Герой труда | страница 21



Спросили они: “Как красавиц привлечь,
Чтоб сами, без чары, на страстную речь
Оне нам в объятия пали?” —
“Любите!” – оне отвечали.
* * *

Было у Брюсова всё: и чары, и воля, и страстная речь, одного не было – любви. И Психея – не говорю о живых женщинах – поэта миновала.

Вечер поэтесс был объявлен в Большом зале Политехнического Музея. Помню ожидальню, бетонную, с одной-единственной скамейкой и пустотой от – точно только что вынесенной – ванны. Поэтесс, по афише соответствовавших числу девять (только сейчас догадалась – девять Муз! Ах, ложно-классик!), казалось не девять, а трижды столько. Под напором волнения, духов, повышенных температур (многие кашляли), сплетен и кокаина, промерзлый бетон поддался и потек. В каморке стоял пар. Сквозь пар белесые же пятна – лица, красные кляксы – губы, черные circonflex’ы[42] – брови. Поэтессы, при всей разномастности, удивительно походили друг на друга. Поименно и полично помню Адалис, Бенар, поэтессу Мальвину и Поплавскую. Пятая – я. Остальные, в пару, испарились. От одной, впрочем, уцелел малиновый берет, в полете от виска до предельно спущенного с одного плеча выреза, срезавший ровно пол-лица. В этой параллельной асимметрии берета и выреза была неприятная симметрия: симметрия двух кривизн. Одеты были поэтессы, кроме Адалис (в закрытом темном), соответственно темам и размерам своих произведений – вольно и, по времени 1921 г., роскошно. Вижу одну, высокую, лихорадочную, сплошь танцующую, – туфелькой, пальцами, кольцами, соболиными хвостиками, жемчугами, зубами, кокаином в зрачках. Она была страшна и очаровательна, тем десятого сорта очарованием, на которое нельзя не льститься, стыдятся льститься, на которое бесстыдно, во всеуслышанье – льщусь. Из зрительных впечатлений, кроме красного берета и чахоточных мехов, уцелел еще гаменовский очерк поэтессы Бенар – головка Гавроша на вольном стволе шеи – и, тридцатых годов, подчеркнуто – неуместно – нестерпимо-невинное видение поэтессы Мальвины, – “стильной” вплоть до голубых стеклянных бус под безоблачным полушарием лба.

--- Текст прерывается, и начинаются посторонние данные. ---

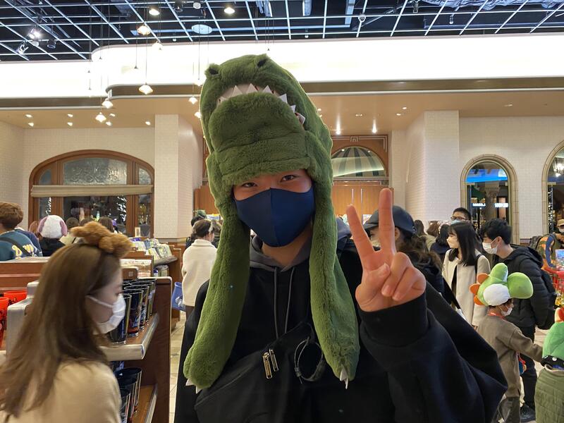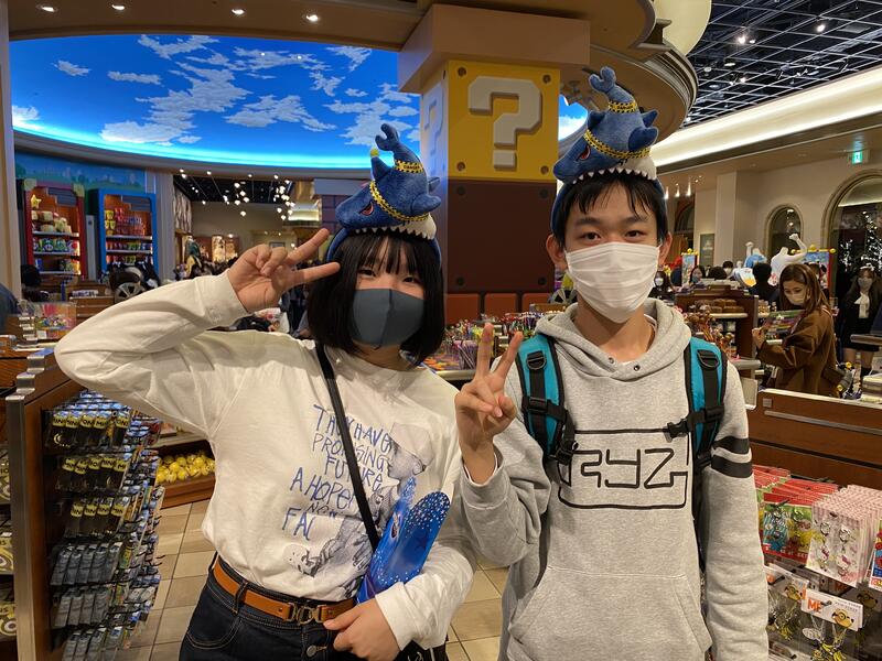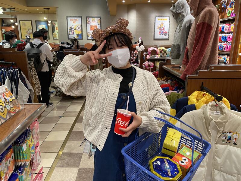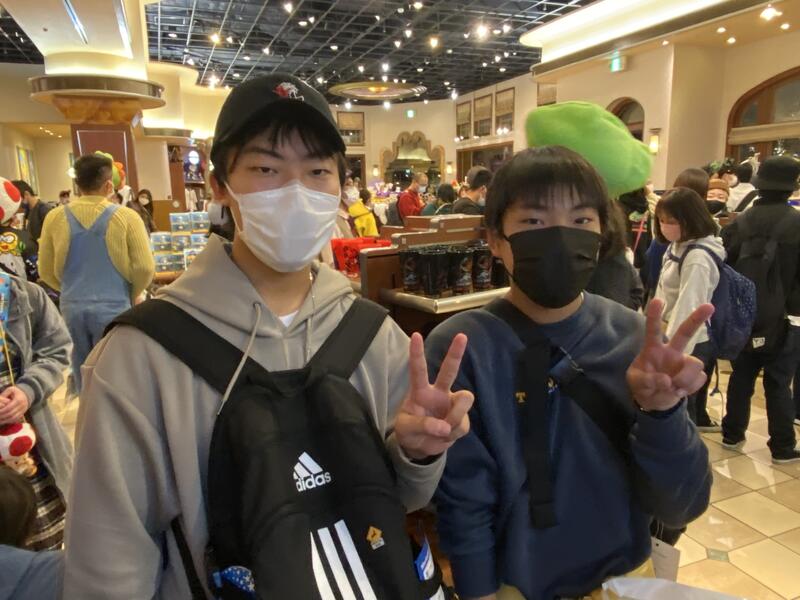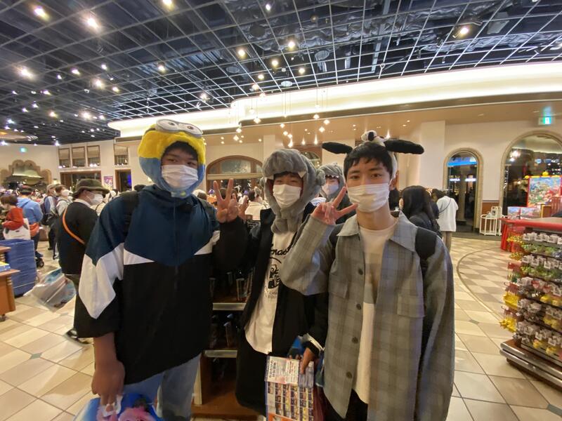 集合時間まで、あと1時間20分となりました。定点観測作戦ですが、園内は暗くなったし時間も残り少なくなってきたので、ハリーポッター前から明るいお土産ショップの中に場所を変更することにしました。すると、早速生徒を発見しました この後も生徒たちが現れることを期待して、張込みを続けてみます

Выставка, внешне, обещала быть удачной, Брюсов не прогадал.

* * *

Не упомянуть о себе, перебрав, приблизительно, всех, было бы лицемерием, итак: я в тот день была явлена “Риму и Миру” в зеленом, вроде подрясника, – платьем не назовешь (перефразировка лучших времен пальто), честно (то есть – тесно) стянутом не офицерским даже, а юнкерским, 1-ой Петергофской школы прапорщиков, ремнем. Через плечо, офицерская уже, сумка (коричневая, кожаная, для полевого бинокля или папирос), снять которую сочла бы изменой и сняла только на третий день по приезде (1922 г.) в Берлин, да и то по горячим просьбам поэта Эренбурга. Ноги в серых валенках, хотя и не мужских, по ноге, в окружении лакированных лодочек, глядели столпами слона. Весь же туалет, в силу именно чудовищности своей, снимал с меня всякое подозрение в нарочитости (“ne peut pas qui veut”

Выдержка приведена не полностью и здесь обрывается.